The New York Times published a book review article on February 9 by James Ryerson titled "The Twain Shall Meet". Mr. Ryan states several conclusions derived from the three books he reviewed. Those conclusions are flawed as will be explained below.
The first book reviewed is a criticism of atheism written by a priest who is a psychologist and professor of religion. James Ryerson says this: ... "it’s that these crusaders [advocates for atheism] are convinced that science is the only arbiter of reality and truth. They may be right about that. But that is a philosophical claim, Jones reminds us, not a scientific one."
My question to James Ryerson is this: Do you know of anyone who practices this alternative philosophy that the arbiter of reality and truth is to be found somewhere other than the empirical evidence while driving a car? Would you prefer that your taxi driver be making his driving decisions based on what he claims is a source of knowledge that only he experiences? Or that he claims is revealed to him through some dubious interpretation of an ambiguous and self-contradictory collection of old books that makes sustained extraordinary claims about reality and truth which blatantly contradict our scientific knowledge about how the universe functions? Or based on the same empirical evidence that all passengers simultaneously share via the physical senses of vision, hearing, smelling, and touch? Why is it that religious people, like everyone else, apply an empirical evidence standard when making "how the universe functions" decisions that matter to their own day to day physical welfare but then abandon that same standard when making decisions that do not matter to their own daily physical welfare? For anyone who thinks there is a coherent, logical, philosophy that properly justifies this methodological dichotomy, I say you are either fooling yourself or knowingly trying to fool others.
Mr Ryerson then favorably reviews a book that claims history demonstrates harmony between religion and science. He says this: "Nor did Copernicus or most other early modern advocates of the new astronomy think it was incompatible with Christianity." Has it even occurred to Mr. Ryerson that 16th century scientists who wanted to escape the prejudices of their day would not publicly concede that their discoveries conflicted with church teachings even if they actually thought so? Copernicus refused to published his findings regarding the relative positions of the earth and sun, sharing them with only a small number of fellow scientists whom he trusted, and he confided at the time that he did this out of fear of negative repercussions to himself due to widespread intolerance, an intolerance that clergy had no small part in fostering. Nor is what the scientists considered compatible with Christianity a better indicator of compatibility than what the church officials thought. After all, the experts on Christian doctrine are the Christian clergy, not the scientists.

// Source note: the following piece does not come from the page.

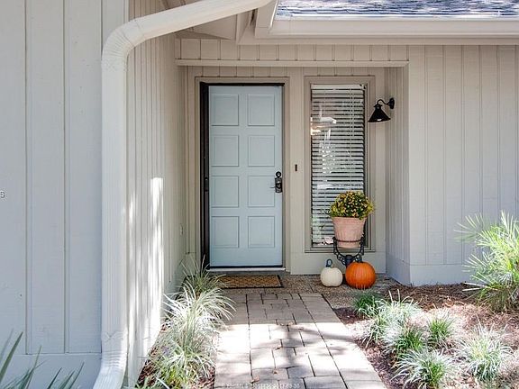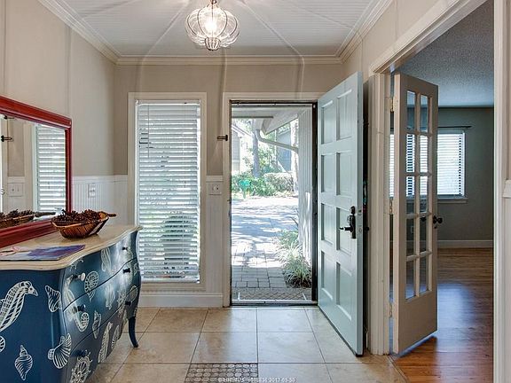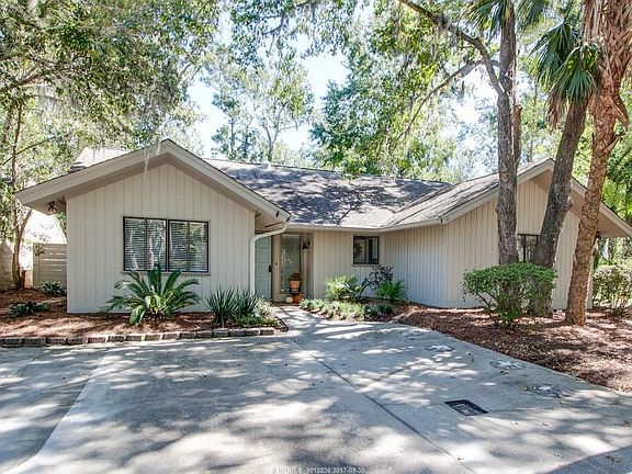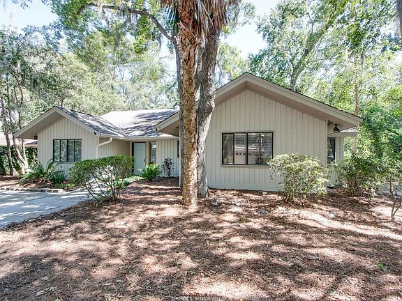 THE perfect beach cottage! One level living in charming cottage with "WOW" LAKE VIEW! Carolina porch overlooks pool and lake. 3 bedrooms, separate dining room, fireplace, wood floors, den, beadboard ceilings and walls, newly painted exterior and interior, walk to beach. Landscaped and furnished and shows nicely. Move-in ready. This house is an excellent alternative to a villa. No regime fees. The adjacent lot to the right of the home is Sea Pines permanent green space.
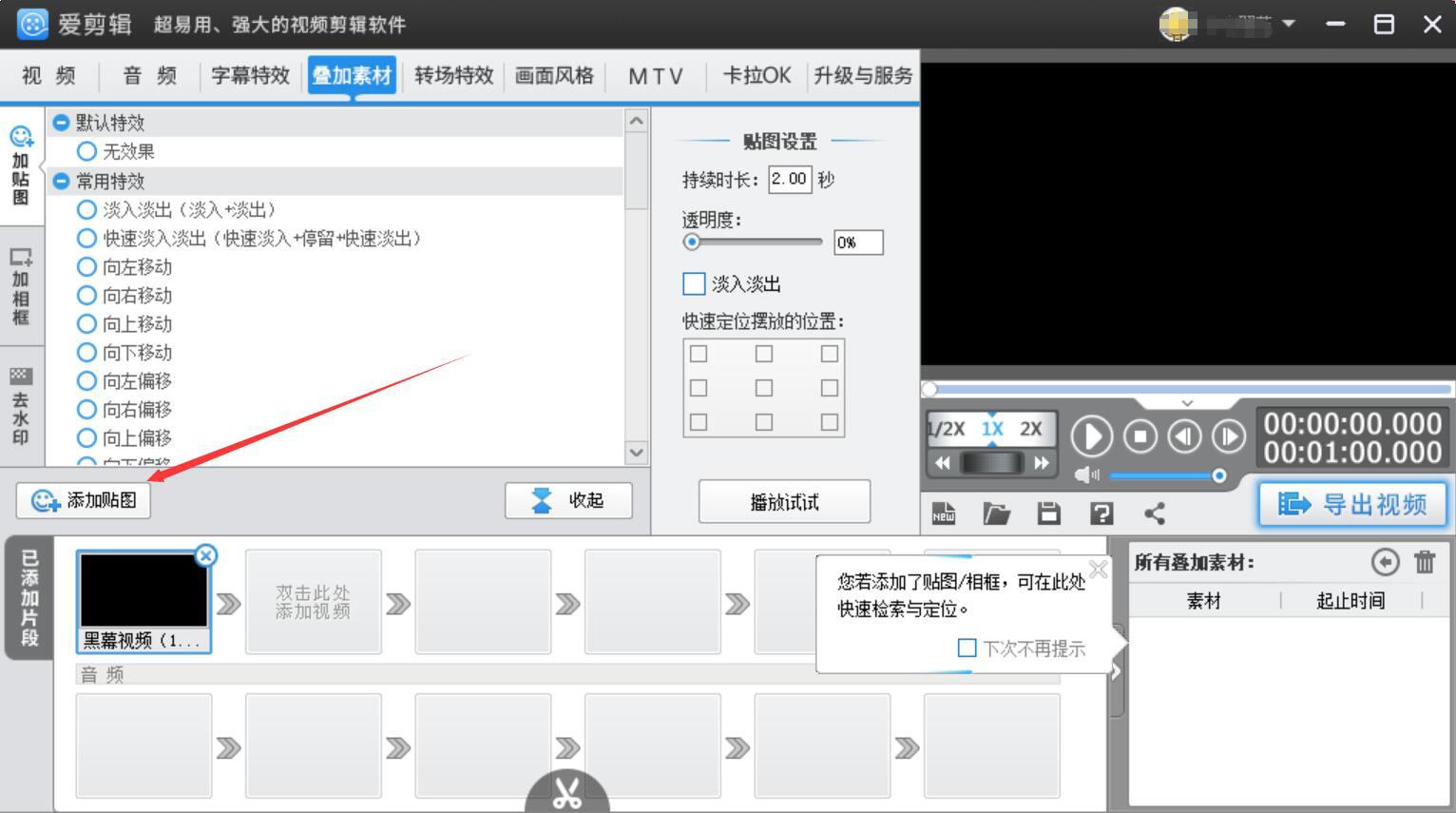 3、我们点击切换至“叠加素材”操作界面,再点击爱剪辑界面左侧的“添加贴图”按钮。

Here is the truth, facts that Mr. Ryerson conveniently ignores in his book review, presumably because it does not comport with his commitment to the viability of compatibility: The Catholic Church's chief censor, Dominican Bartolomeo Spina, expressed a desire to stamp out the Copernican doctrine. But with Spina's death in 1546, his cause fell to his friend, the Dominican theologian Giovanni Maria Tolosani. Copernicanism was absurd, according to Tolosani, because it was scientifically unproven and unfounded. Tolosani declared that he had written against Copernicus "for the purpose of preserving the truth to the common advantage of the Holy Church." Martin Luther, in his Commentary on Genesis, said that "We indeed are not ignorant that the circuit of the heavens is finite, and that the earth, like a little globe, is placed in the centre." In March 1616 the Roman Catholic Church's Congregation of the Index issued a decree suspending De revolutionibus until it could be "corrected," on the grounds of ensuring that Copernicanism, which it described as a "false Pythagorean doctrine, altogether contrary to the Holy Scripture," would not "creep any further to the prejudice of Catholic truth.
Apologists for Christianity like James Ryerson, and maybe also the authors of the book he favorably reviews, go deep into denialism mode regarding the blatant, unequivocal, historical hostility of Christianity to science. They do not, and frankly I think they will not, honestly confront the fundamental and profound difference between the failed methods of relying on authority, fixed revelation, personal interpretations of personal experience, and logic and reason from human intuition, versus a recognition that the only successful method of determining how the universe functions has over and over again proven itself to be the method of following the empirical evidence as closely as we can. They fail to acknowledge the full extent of this difference and its implications because what they are engaging in is unbalanced propaganda in defense of Christianity and not an honest effort to inform and educate. The New York Times thinks such defense of revisionist history is worthy of publication. Commercially it probably is and that is one reason why we need more atheist commentary.